For whatever reason, the decision to implement a proper web application monitoring is usually an afterthought. It’s possibly because the entire development of the application is lead by a development team, not always very interested in the operational aspect of the application.
As a result of great development efforts and marketing, an application might take off and attract new customers quickly and gain in popularity. The demands on the application may change dynamically as new features are brought in and as updated versions occur on a weekly, if not daily, basis. Everyone is happy with the growth and the development team is recognized for its efforts.
Then comes the day that customers call in because the application is not responding quickly as it did four weeks ago, with some basic functionality hangs at mid-session, or even worse.. That’s when the system administrator gets a call and it’s panic. The blaming game starts… and he will sifting through the logs trying to get a clue of what happened.
Web application monitoring at Syloé
We believe in preventative measures and implementing web application monitoring as the applications are being rolled out. We develop application performance tests with our customer to identify problems in the various steps of an application request: authentication (basic or token-based), simple front-end query, simple back-end query, complex query, logout. For all these various stages we record response times/codes and present them in a graph. Based on customer-designated targets (or performance test results) we configure alerts when response times are not as expected : when certain steps could not be performed in time or we receive an error code from the application (50x, 40x etc).

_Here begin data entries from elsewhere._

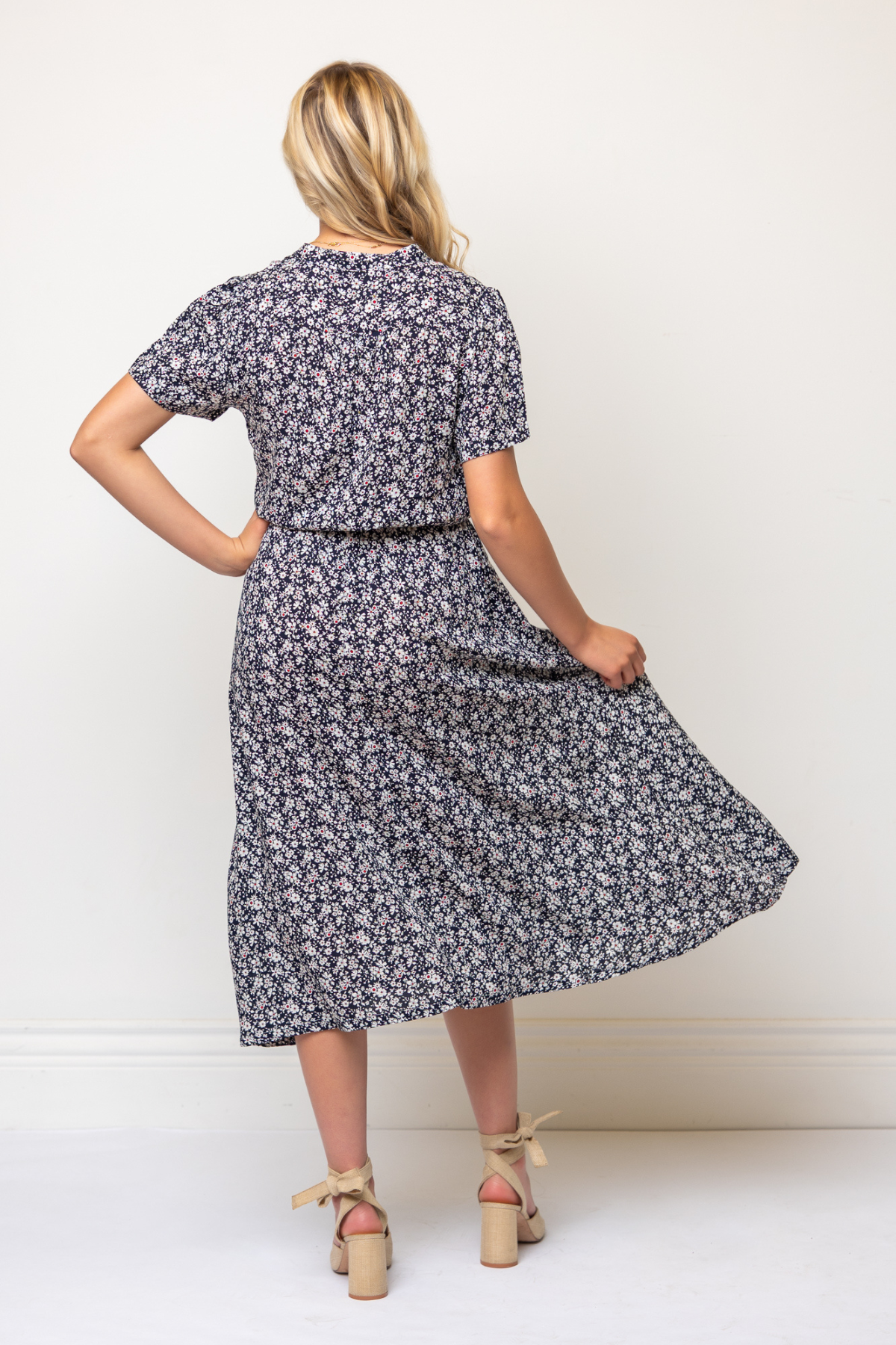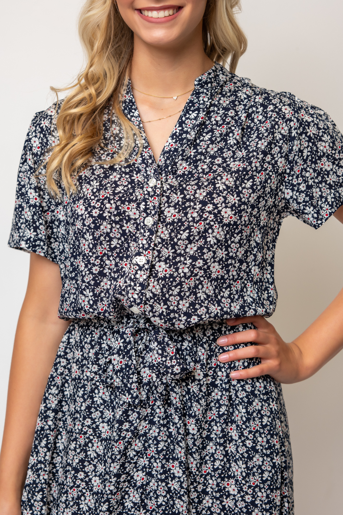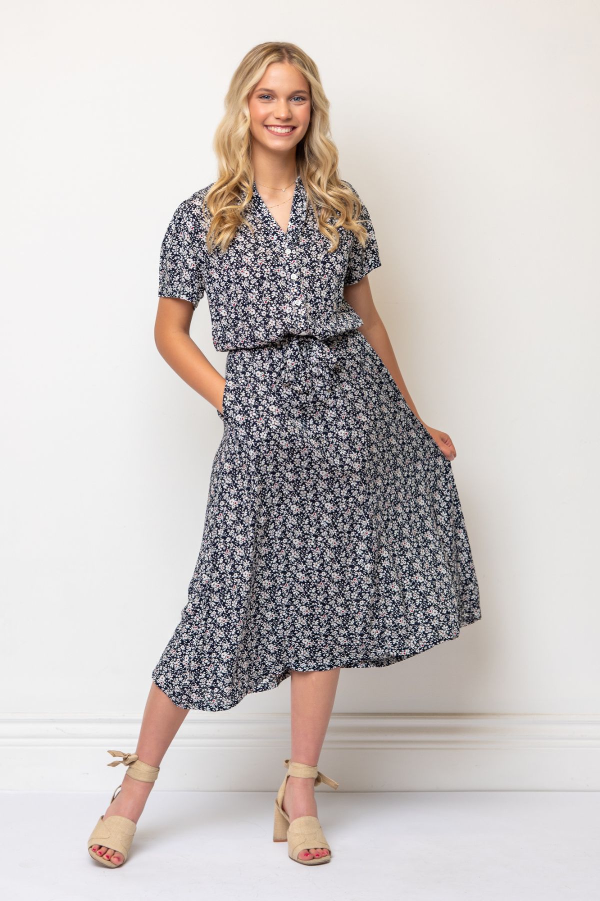 Zelie Shirt Dress in Dark Navy Ditsy Floral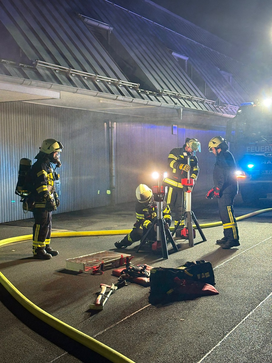 Umgehend gingen zwei Atemschutztrupps, mit C-Rohren und Wärmebildkameras ausgerüstet, zur Personenrettung und Brandbekämpfung in das Gebäude vor. Nach kurzer Zeit konnten drei Personen aufgefunden und ins Freie verbracht werden. Auch der angenommene Brand konnte rasch gelöscht werden. Im Anschluss wurde das Gebäude mit einem Drucklüfter entraucht.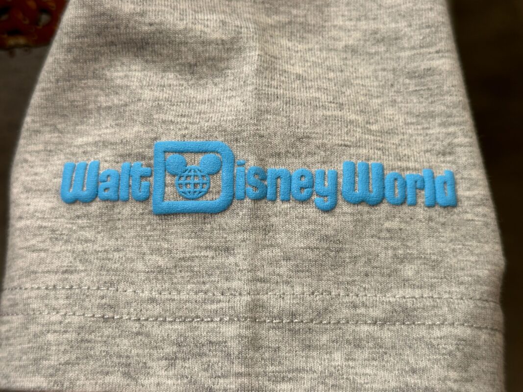 The sleeve of this shirt features the Walt Disney World wordmark in puffy blue lettering.

In addition to this, we will monitor the uptime of the service against an SLA target ( % availability <x> nines). We even graph out the application version such that we can see how an application develops in time and how changes in response times line up against version changes. With these screens, our customers are able to understand how their applications are performing. The alerts and graphs help us prevent major problems by early identification of problem areas, allowing us to scale resources as needed and determine whether a version update has unexpectedly introduced a slowdown in performance.